Accreditation is the external assessment of whether a general practice meets the RACGP Standards for general practices. It is conducted by an accreditation body that surveys the practice on a recurring 3-year cycle. The first cycle is initial accreditation. Every cycle after that is reaccreditation, which follows the same Standards but assumes the systems are already in place and looks for evidence of ongoing improvement, not just first-time setup.

The accreditation body sends one or more trained surveyors to the practice for an on-site assessment. The surveyors review documents, walk through the premises, observe systems in action, interview team members, and produce a report against the Standards. The practice either meets the Standards (accredited), meets them with conditions (a defined remediation period to close gaps), or does not meet them (a more serious remediation pathway). Most established Australian practices that have been through one cycle achieve straight accreditation on subsequent cycles, provided the systems have been maintained.

The practice manager is almost always the operational owner of the cycle. The principal GP or owner is the named accountable provider, but the day-to-day project management of evidence collection, policy review, staff training records, internal audit and survey preparation sits with the practice manager. A practice that runs accreditation as a stable cycle rather than a 3-yearly panic project will have a practice manager who has built a continuous-improvement rhythm into the standard week, not a one-off scramble in the months before reaccreditation.

RACGP Standards 5th edition: the foundation

The RACGP Standards for general practices, 5th edition, are the assessment framework Australian accreditation bodies survey against. Published by the Royal Australian College of General Practitioners (RACGP), the Standards describe what a safe, high-quality general practice looks like across governance, clinical care, communication, and the practice environment. The 5th edition is the current edition that AGPAL and Quality Practice Accreditation use today.

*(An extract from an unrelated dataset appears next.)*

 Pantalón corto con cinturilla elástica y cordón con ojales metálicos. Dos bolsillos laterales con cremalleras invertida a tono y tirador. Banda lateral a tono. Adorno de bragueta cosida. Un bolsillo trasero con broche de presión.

The Standards are organised into modules covering core areas of practice operations:

  • Practice services and patient experience. Access, triage, communication with patients, continuity of care, and the patient feedback mechanisms a practice runs.
  • Practice governance and management. The leadership, planning, financial management, risk management and accountability structures that hold the operation together.
  • Quality improvement. The PDSA-style continuous-improvement work the practice runs, evidence of cycles completed, and the way clinical and operational data drives change.
  • Clinical care. Care planning, chronic disease management, prescribing safety, results management, recall and reminder systems, and the clinical handover discipline.
  • Information management and privacy. Health-record systems, patient consent, privacy protection, breach management, and electronic records access controls.
  • Practice environment, infection prevention and equipment. Premises, infection prevention and control, sterilisation, cold-chain management, equipment maintenance, and the physical safety of the clinic.
  • Workforce and education. Staff credentialling, induction, ongoing training, mandatory competencies (CPR, infection control, child protection), and the records that prove it.

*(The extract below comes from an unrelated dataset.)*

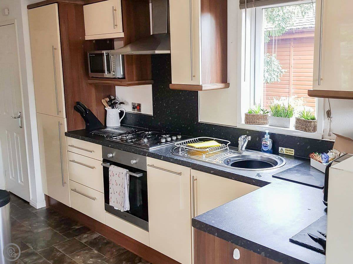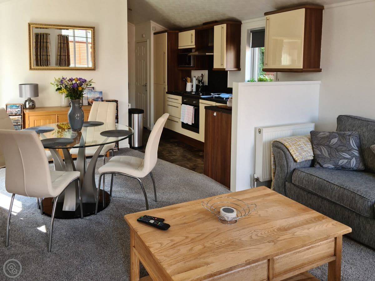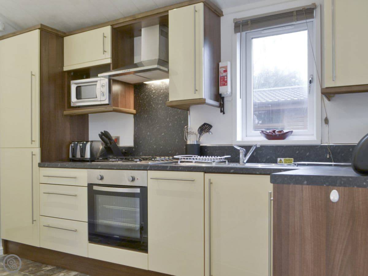 Comfortably furnished, this double glazed and gas centrally heated lodge enjoys a light and airy feel throughout, with a well laid out open-plan living space. It also has the added benefit of a bath so you can choose to soak away the day either indoors or out under the stars, with a hot tub that is discreetly tucked away in amongst the trees. Either way, you are guaranteed to find the perfect end to a busy day of exploring, hiking, cycling, sailing, shopping or a combination of all these activities which are on offer nearby.

For the practice manager, the Standards translate into a long list of policies, procedures, training records, audit results, equipment registers, patient feedback summaries and quality-improvement evidence. None of it is optional. The way an experienced practice manager handles it is to map every Standard to a clear evidence source the team maintains continuously, so the accreditation visit becomes a moment of confirmation rather than a moment of construction.

For a deeper section-by-section walkthrough of the Standards from a practice manager’s perspective, see the RACGP Standards explained for practice managers. The current Standards are published at racgp.org.au and the practice manager should always treat that URL as the live source of truth, not any cached internal note.

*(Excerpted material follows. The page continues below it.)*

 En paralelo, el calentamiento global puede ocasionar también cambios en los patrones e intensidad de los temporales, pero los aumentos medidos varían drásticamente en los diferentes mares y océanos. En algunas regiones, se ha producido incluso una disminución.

AGPAL vs QPA: choosing your accreditor

Australia has two main accreditation bodies for general practice: AGPAL (Australian General Practice Accreditation Limited) and Quality Practice Accreditation (QPA, formerly known by other names in some practice records). Both are accredited to assess against the RACGP Standards. Both produce a comparable end result, an accreditation certificate that is recognised by Medicare, the Department of Health and Aged Care, PIP/WIP and the wider profession. Both follow a similar 3-year cycle.

The choice between them sits with the practice owners and is generally a once-per-cycle decision. The practice manager’s role is to know how each one operates, to run the cycle smoothly with whichever body the practice is contracted to, and to flag for the owners if there is any reason to consider a switch at the next renewal. Switching accreditors is operationally feasible but adds a small amount of transition friction; most practices stay with the same body across multiple cycles.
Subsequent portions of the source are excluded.